Naik B Kishansing, Sulakshana Sulakshana, Gopaldas Justin Aryabhat, Devvrat Sai

机构信息

Department of Critical Care, Shri Ram Murti Smarak Institute of Medical Sciences, Bareilly, Uttar Pradesh, India.
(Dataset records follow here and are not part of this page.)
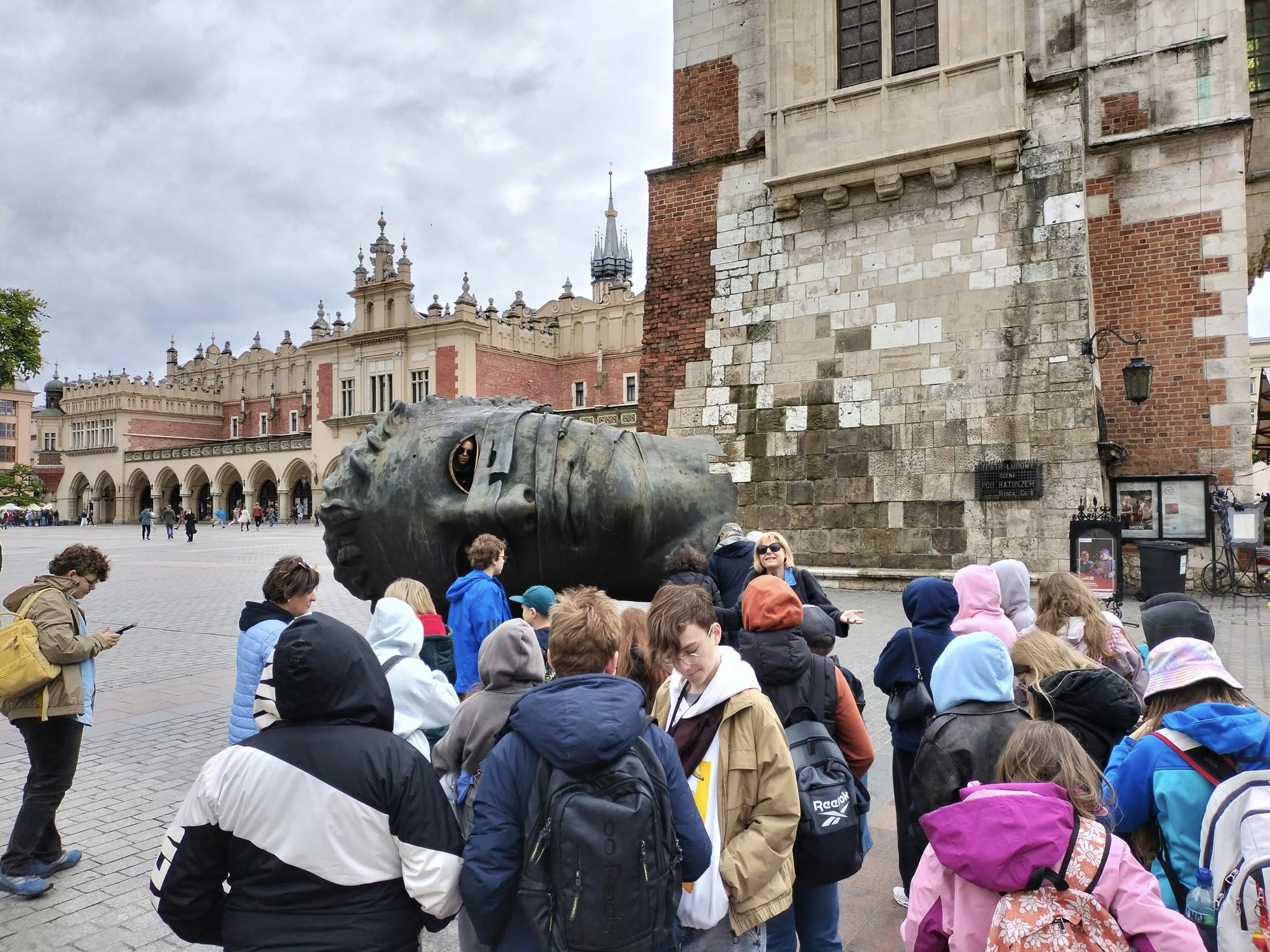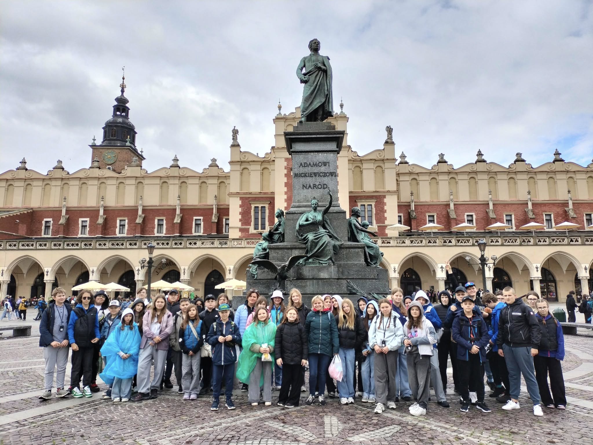 Następnie uczestnicy wycieczki udali się do Krakowa. Tam czekał ich dzień pełen zwiedzania – uczniowie odwiedzili Stare Miasto, przeszli słynnym Traktem Królewskim, podziwiali architekturę Rynku Głównego, poznając losy polskich królów i ważne wydarzenia historyczne. Choć było dużo chodzenia, uczniowie z entuzjazmem chłonęli wiedzę, mając okazję namacalnie zetknąć się z historią. Wieczorem odpoczywali w zabytkowej, klimatycznej kamienicy w centrum Krakowa, gdzie mieli zapewniony nocleg.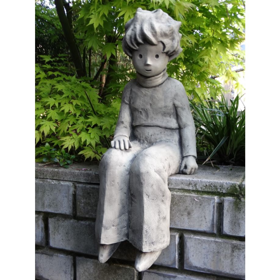 Dieser kleine Prinz, erschaffen von Antoine de Saint-Exupéry, ist aus Kunststein gefertigt und verschönert jeden Garten. Die besondere Form der Skulptur ist so gestaltet, dass der kleine Prinz an jeder beliebigen Kante Platz nehmen und die Welt um ihn herum bestaunen kann.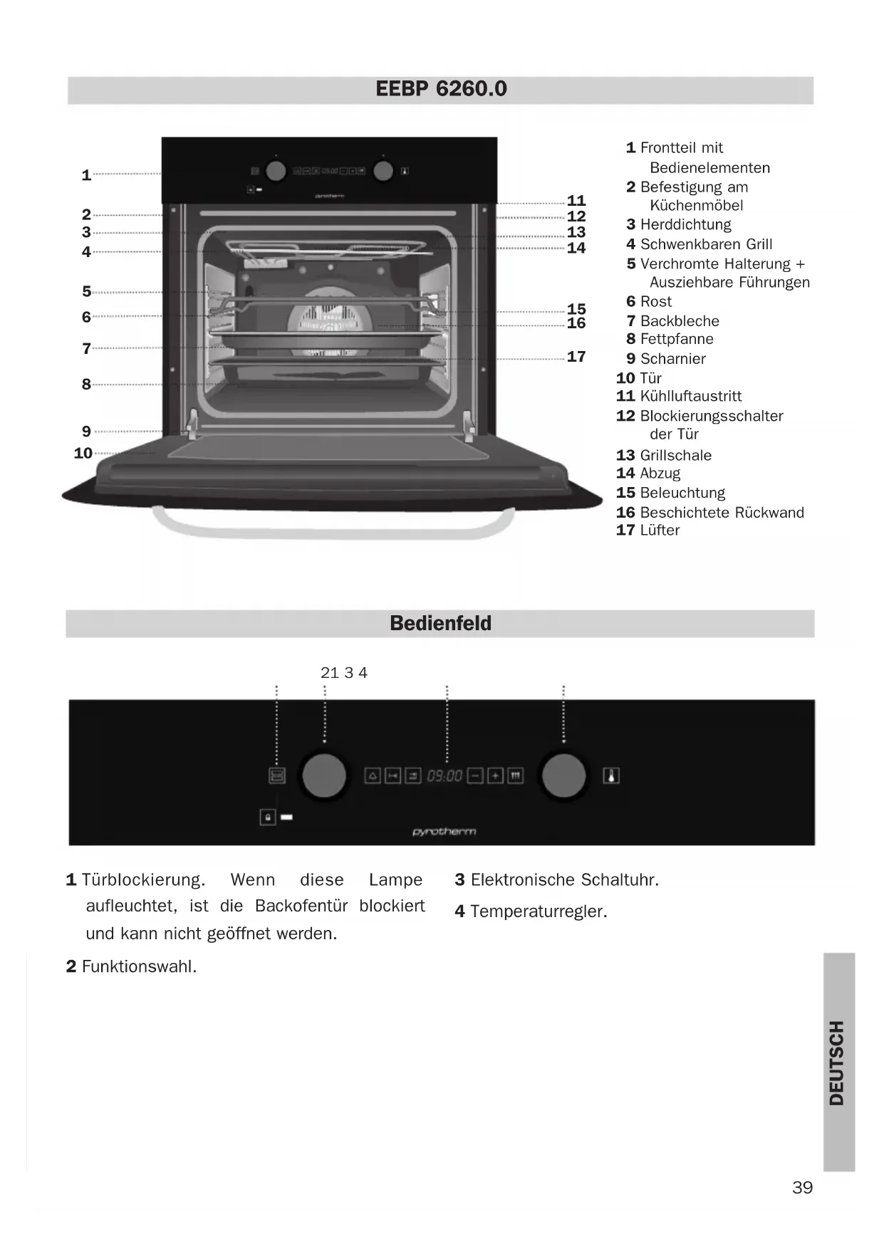 fonction sur la position 0 et attendez que le témoin s’éteigne. J’ai placé le sélecteur de fonction sur la position 0 et la porte est débloquée mais le symbole reste allumé et l’écran affiche le temps restant du cycle de nettoyage. Vous n’avez pas suivi correctement les instructions données pour l’annulation. Suivez les instructions d’annulation de la programmation pyrolyse de l’horloge. 3172653-000 KUPPERBUSCH:- 3/4/13 11:00 Página 3839 DEUTSCH Bedienfeld 1 Türblockierung. Wenn diese Lampe aufleuchtet, ist die Backofentür blockiert und kann nicht geöffnet werden. 2 Funktionswahl. 3 Elektronische Schaltuhr. 4 Temperaturregler. 1 Frontteil mit Bedienelementen 2 Befestigung am Küchenmöbel 3 Herddichtung 4 Schwenkbaren Grill 5 Verchromte Halterung + Ausziehbare Führungen 6 Rost 7 Backbleche 8 Fettpfanne 9 Scharnier 10 Tür 11 Kühlluftaustritt 12 Blockierungsschalter der Tür 13 Grillschale 14 Abzug 15 Beleuchtung 16 Beschichtete Rückwand 17 Lüfter EEBP 6260.0
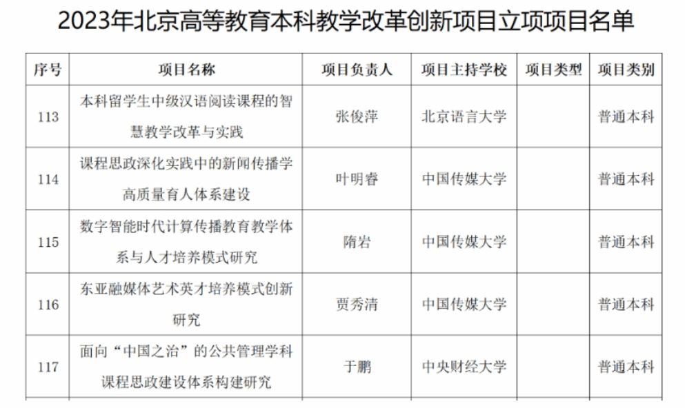 学院历来重视本科教学改革创新项目管理以及本科课程及教材课件建设,近两年多项教改课题和本科课程获评北京市级立项,取得重大突破和丰硕成果。今后,beat365vip官网将充分发挥北京市级“本科教学改革创新项目”及“优质本科课程”的引导和示范作用,全力支持教改项目建设与创新人才培养体系建设,持续推进本科课程创新与课程建设,进一步激发教师对本科教学的积极性,不断提升一流本科人才培养质量。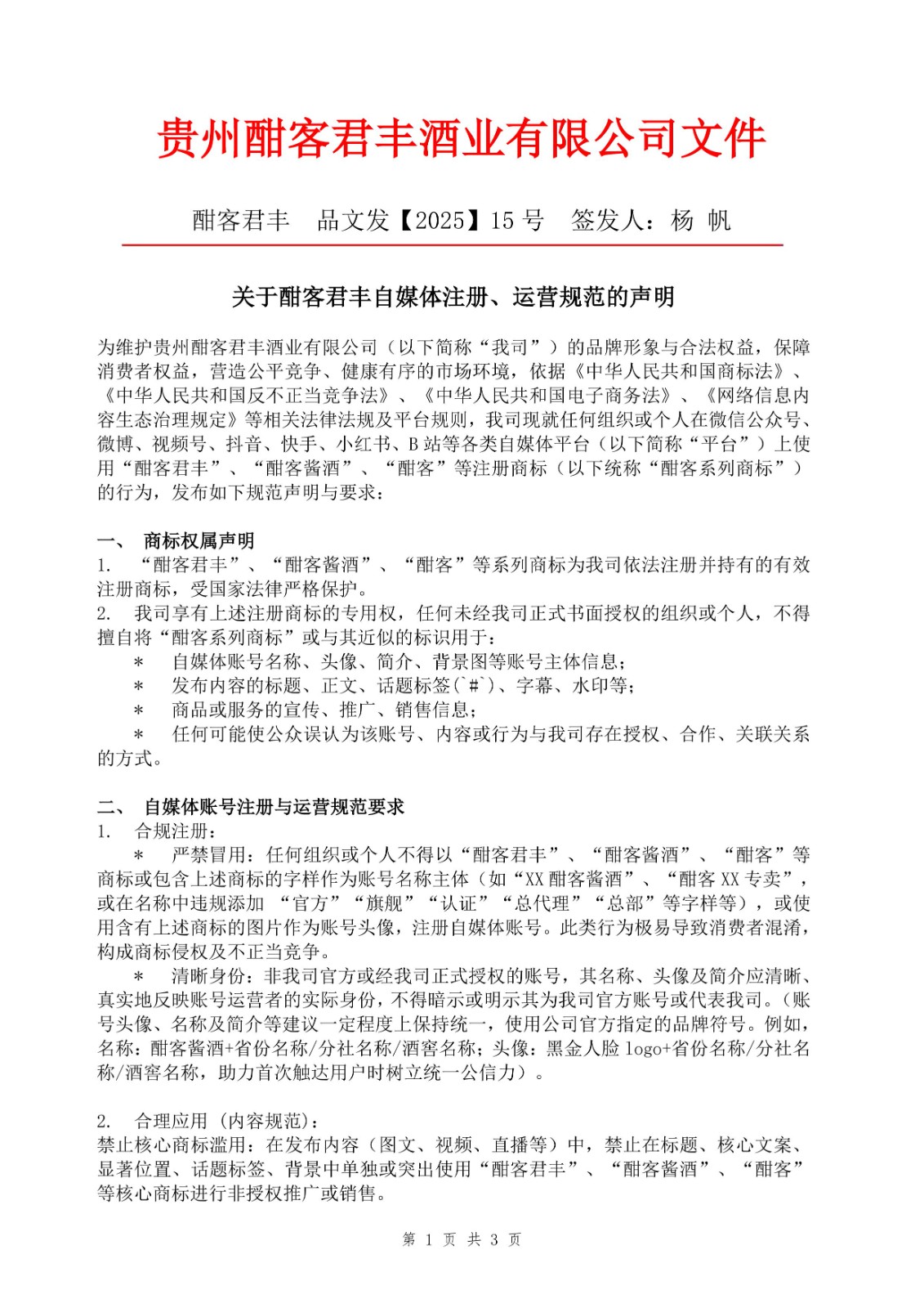 关于酣客君丰自媒体注册、运营规范的声明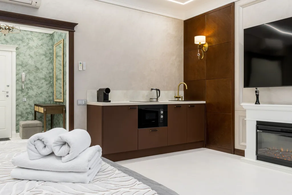 К Вашим услугам: чайный сет, сладкий комплимент, питьевая вода, средство для мытья посуды.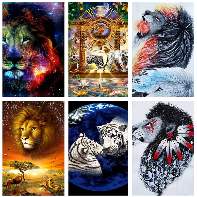 5D алмазная картина льва Тигровая животная мозаика Алмазная вышивка Стразы Сделай Сам круглая дрель ремесло Домашний Декор художественная картина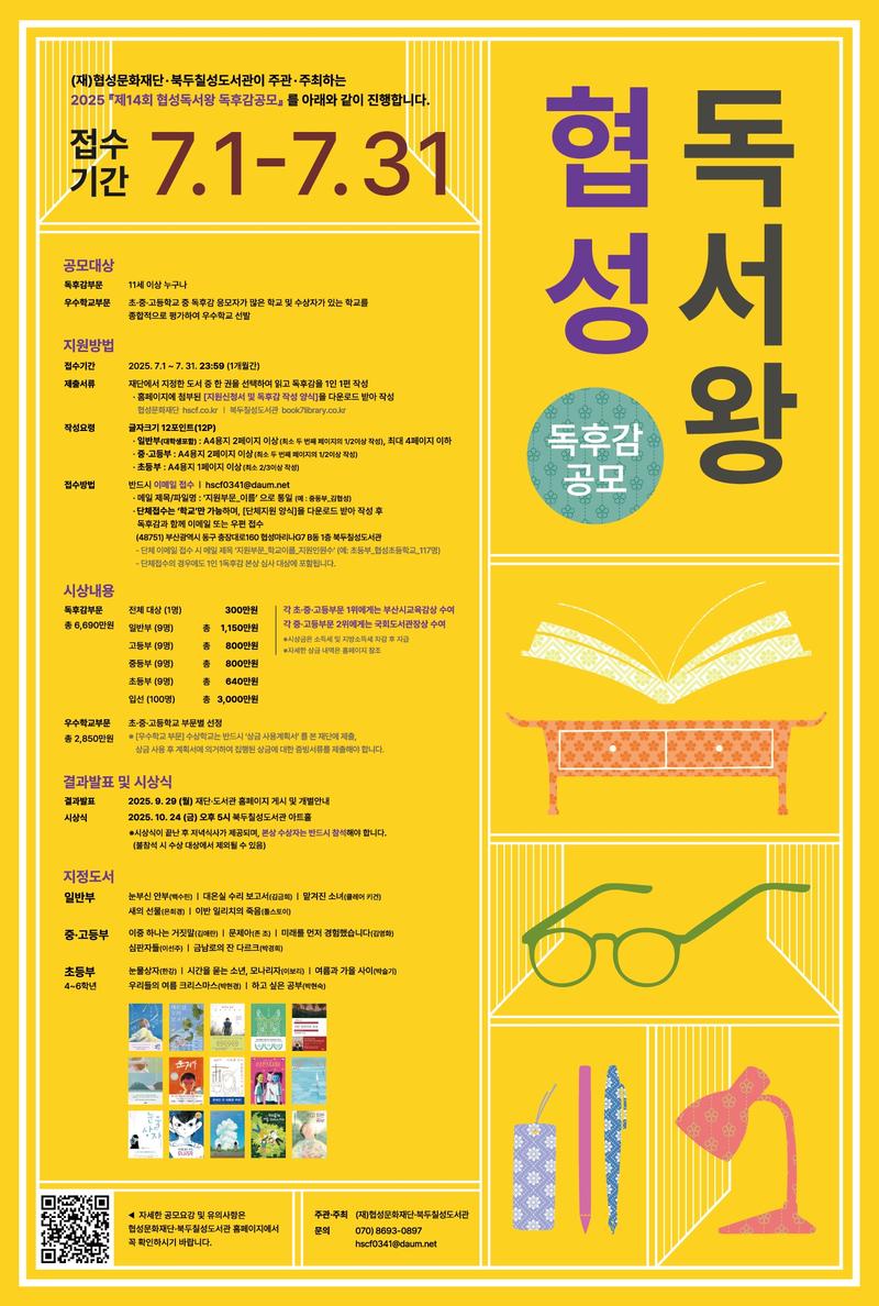2025 『제14회 협성독서왕 독후감공모』를 아래와 같이 진행합니다.

Department of Anaesthesiology and Critical Care, Shri Ram Murti Smarak Institute of Medical Sciences, Bareilly, Uttar Pradesh, India.

出版信息

Indian J Crit Care Med. 2022 Mar;26(3):387-389. doi: 10.5005/jp-journals-10071-24137.

Abstract

UNLABELLED

We report a case of fulminant hepatic failure due to the Budd-Chiari syndrome following preservation with a tropical fever. A young lady came with fever, altered mental status, jaundice, and renal failure. Following tropical workup, it was diagnosed as a case of leptospirosis (WHO Faine's criteria) with multi-organ dysfunction. Despite adequate antimicrobial cover, she progressed to hepatic coma (hyperammonemia) and was noted to have worsening conjugated hyperbilirubinemia. Following history review and evaluation for other causes of hepatic failure, hepatic vein thrombosis was detected in addition to the presence of antibodies against antigen. Further studies into the causes of thrombosis and persistent hemoconcentration despite aggressive fluid resuscitation led to the diagnosis of polycythemia vera (cytometric analysis). During her stay, she further worsened despite aggressive organ support including dialysis but she succumbed to gram-negative sepsis that occurred during her stay in ICU. This is an interesting and rare case of leptospirosis that unveiled a case of previously asymptomatic polycythemia vera.

HOW TO CITE THIS ARTICLE

Naik BK, Sulakshana S, Gopaldas JA, Devvrat S. Tropical Fever: Unveiling an Asymptomatic Case of Polycythemia Vera. Indian J Crit Care Med 2022;26(3):387-389.

摘要

未标注

我们报告一例因热带热后布加综合征导致的暴发性肝衰竭病例。一名年轻女性因发热、精神状态改变、黄疸和肾衰竭前来就诊。经过热带病检查,诊断为钩端螺旋体病(世界卫生组织费内标准)伴多器官功能障碍。尽管给予了充分的抗菌治疗,她仍进展为肝昏迷(高氨血症),并出现结合胆红素血症加重。在回顾病史并评估肝衰竭的其他原因后,除发现针对该抗原的抗体外,还检测到肝静脉血栓形成。对血栓形成原因及尽管积极进行液体复苏仍持续存在血液浓缩的进一步研究导致诊断为真性红细胞增多症(细胞计数分析)。在她住院期间,尽管包括透析在内的积极器官支持,她的病情仍进一步恶化,但最终死于重症监护病房期间发生的革兰阴性菌败血症。这是一例有趣且罕见的钩端螺旋体病病例,揭示了一例先前无症状的真性红细胞增多症病例。

如何引用本文

奈克BK,苏拉克沙娜S,戈帕尔达斯JA,德夫拉特S。热带热:揭示一例无症状真性红细胞增多症病例。《印度危重症医学杂志》2022年;26(3):387 - 389。